= Work task =
Transcribe the listing verbatim. Do not carry over any pictures.

= Source data =
:::::

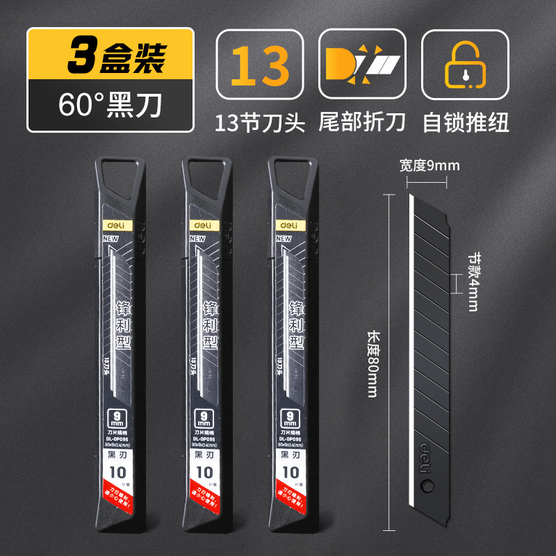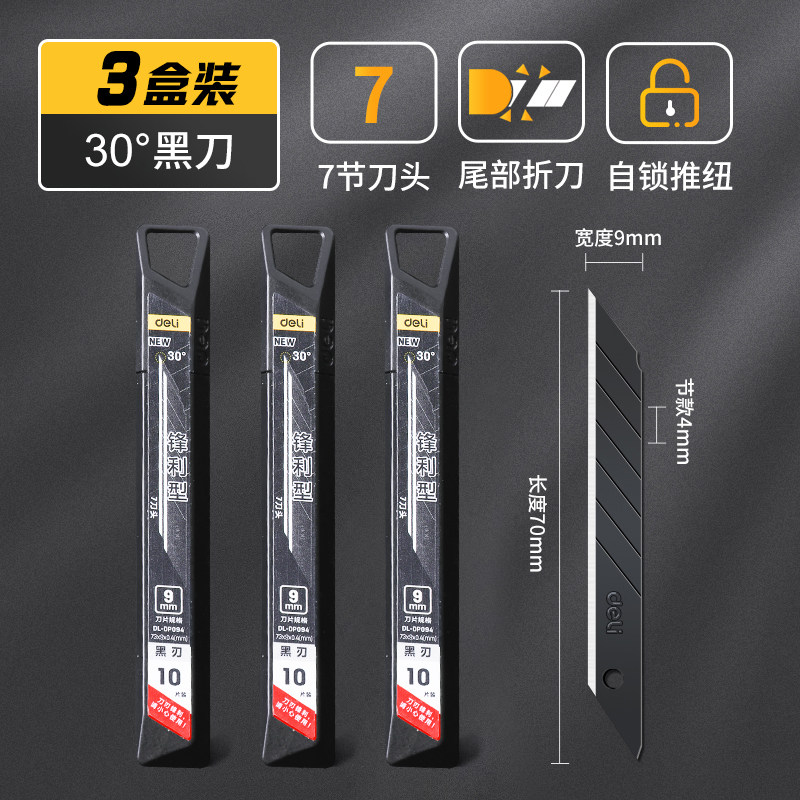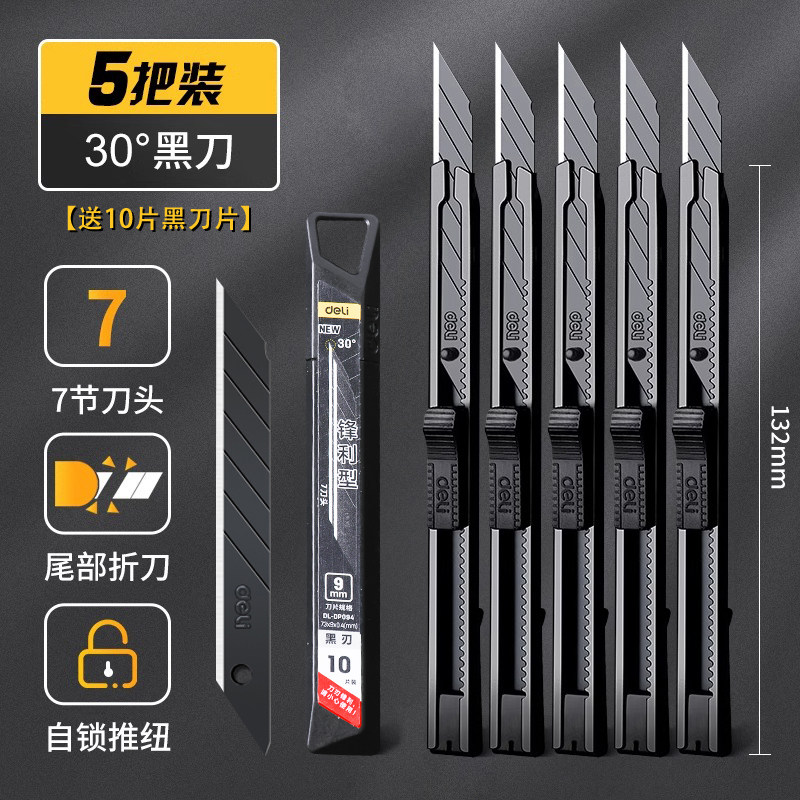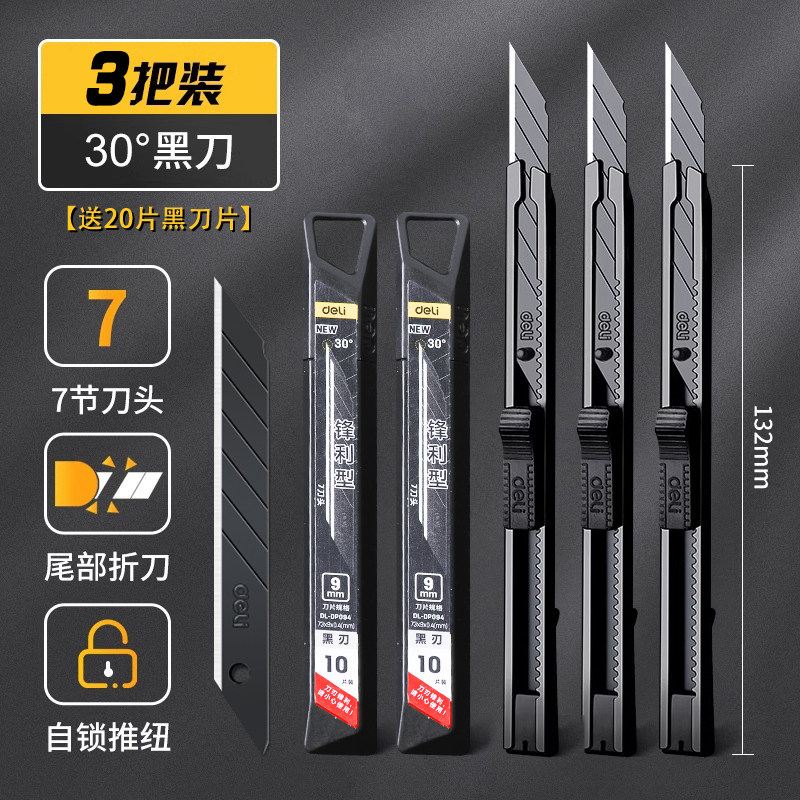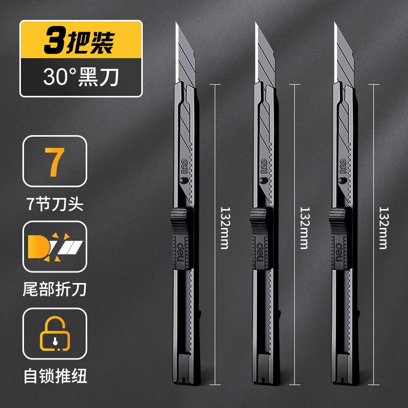 得力黑刃美工刀钨钢黑科技小型裁纸刀拆快递小刀壁纸刀工业级不锈钢刀身合金刀片30度雕刻刀开箱刀美术生专用
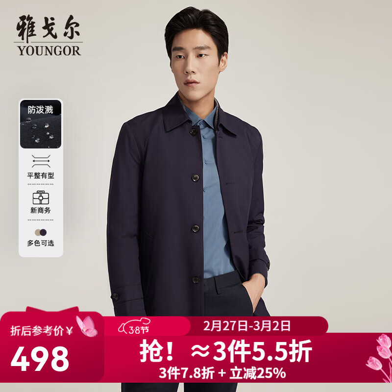 旗舰店雅戈尔(YOUNGOR)风衣男翻领单风衣锦纶耐穿舒适透气男士上衣外套 GYDF424995FQA藏青色 M 170/92A
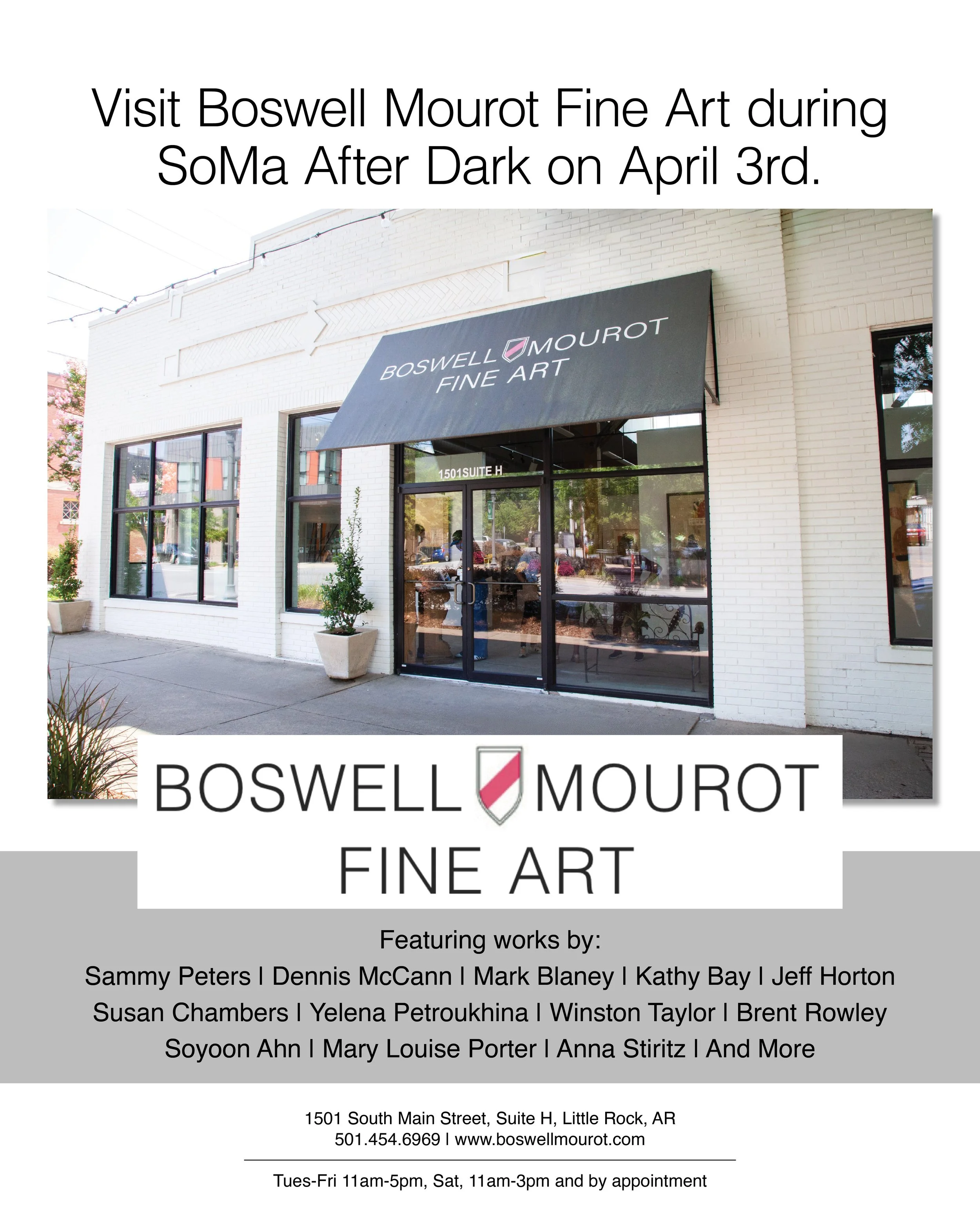 Stop by Boswell Mourot Fine Art during SoMa After Dark and enjoy the work from our featured Arkansas Artists.
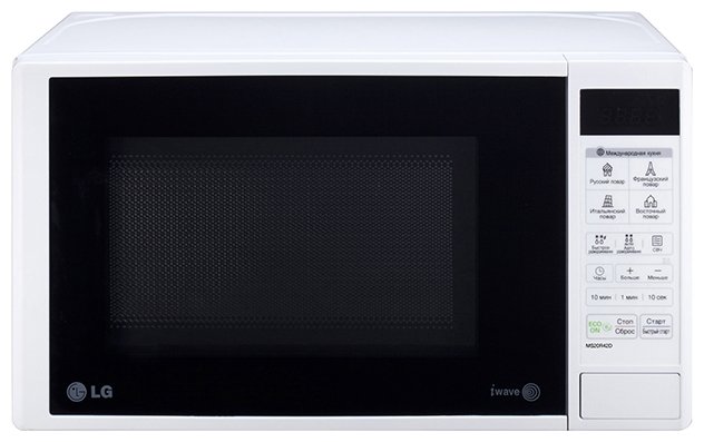 LG MS20R42D СВЧ соло Микроволновая печь, 20 литров Микроволны (Вт) 700, Легкоочищаемое внутреннее покрытие EasyClean* Быстрое и равномерное приготовление с технологией i-Wave** Автопрограммы «Кухни мира» с рецептами итальянских, французских, восточных и русских блюд Экономия электроэнергии с функцией ECO ON***

:::::

= Exercise output =
 得力黑刃美工刀钨钢黑科技小型裁纸刀拆快递小刀壁纸刀工业级不锈钢刀身合金刀片30度雕刻刀开箱刀美术生专用
 旗舰店雅戈尔(YOUNGOR)风衣男翻领单风衣锦纶耐穿舒适透气男士上衣外套 GYDF424995FQA藏青色 M 170/92A
 Stop by Boswell Mourot Fine Art during SoMa After Dark and enjoy the work from our featured Arkansas Artists.
 LG MS20R42D СВЧ соло Микроволновая печь, 20 литров Микроволны (Вт) 700, Легкоочищаемое внутреннее покрытие EasyClean* Быстрое и равномерное приготовление с технологией i-Wave** Автопрограммы «Кухни мира» с рецептами итальянских, французских, восточных и русских блюд Экономия электроэнергии с функцией ECO ON***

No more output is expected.